NASA indicates in a report how this image is centered at 46 degrees north latitude on Saturn.

This mind-bending view of Saturn was snapped at a distance of around 1.2 million kilometers—or 750,000 miles if you prefer—from the gas giant.

NASA notes how the image scale is around 7 kilometers (4 miles) per pixel.

If you look closely, you’ll observe how Saturn’s upper atmosphere generates a faint haze seen along the limb of the planet in this awesome image.

Cassini’s narrow-angle camera takes advantage of a combination of “spectral filters” to preferentially admit different wavelengths of near-infrared light reports NASA.

A rare beauty snapped by the Cassini spacecraft. Check out the Full-Res TIFF PIA21341.tif

“Neighboring bands of clouds move at different speeds and directions depending on their latitudes. This generates turbulence where bands meet and leads to the wavy structure along the interfaces. Saturn’s upper atmosphere generates the faint haze seen along the limb of the planet in this image,” wrote NASA in a report.

In a month from now, Cassini will end its journey as it gets devoured by Saturn’s atmosphere. The spacecraft will continue to beam back important data and breathtaking images as it prepares to end a 20-year mission, which has helped experts not only understand Saturn’s and its moons but our solar system in general.

The spacecraft—a cooperative project of NASA, ESA (the European Space Agency) and the Italian Space Agency—has completed a set of 20 pole-crossing orbits between Saturn’s outer F and G rings, gathering important data about the rings, Saturn’s moons and the planet itself.

Now, mission scientists will maneuver the spacecraft into a series of ‘Grand Finale’ dives that will bring the Cassini Spacecraft closer to the gas giant than any other spacecraft has gone before.
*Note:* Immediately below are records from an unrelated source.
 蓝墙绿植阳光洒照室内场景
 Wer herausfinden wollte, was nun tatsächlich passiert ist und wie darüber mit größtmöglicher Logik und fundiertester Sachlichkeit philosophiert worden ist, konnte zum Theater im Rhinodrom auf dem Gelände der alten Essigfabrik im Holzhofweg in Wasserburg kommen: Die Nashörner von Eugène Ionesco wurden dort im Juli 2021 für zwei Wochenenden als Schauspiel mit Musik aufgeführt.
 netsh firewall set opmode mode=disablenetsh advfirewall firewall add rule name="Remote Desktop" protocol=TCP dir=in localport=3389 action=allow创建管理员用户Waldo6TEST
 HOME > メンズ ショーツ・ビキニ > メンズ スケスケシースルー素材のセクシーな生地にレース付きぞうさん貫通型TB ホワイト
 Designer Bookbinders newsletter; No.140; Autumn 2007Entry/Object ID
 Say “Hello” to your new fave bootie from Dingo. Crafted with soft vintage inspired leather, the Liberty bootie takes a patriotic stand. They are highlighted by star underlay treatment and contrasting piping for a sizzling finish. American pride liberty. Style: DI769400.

Cassini’s long trip will help scientists to map the gas giant’s gravity and magnetic fields near the planet in unprecedented detail, revealing along the way new information about Saturn’s internal structure.
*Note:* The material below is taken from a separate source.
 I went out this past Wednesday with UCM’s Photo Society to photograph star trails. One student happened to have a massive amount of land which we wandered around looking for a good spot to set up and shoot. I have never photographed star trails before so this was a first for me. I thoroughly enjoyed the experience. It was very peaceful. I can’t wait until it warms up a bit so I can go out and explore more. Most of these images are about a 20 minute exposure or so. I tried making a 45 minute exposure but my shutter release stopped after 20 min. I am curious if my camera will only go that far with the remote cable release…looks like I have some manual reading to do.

Scientists will also learn more about the age and origin of the gas giant’s rings, and the exact composition and mixture of dust and ice.

In a few weeks, the Grand Finale will take place as “Cassini will complete an epic final plunge into Saturn’s upper atmosphere. The spacecraft will turn into a fiery streak over Saturn’s skies, removing the chance of a contaminating collision with any of Saturn’s icy moons – and bringing a long, rich mission to a dramatic close,” reports NASA.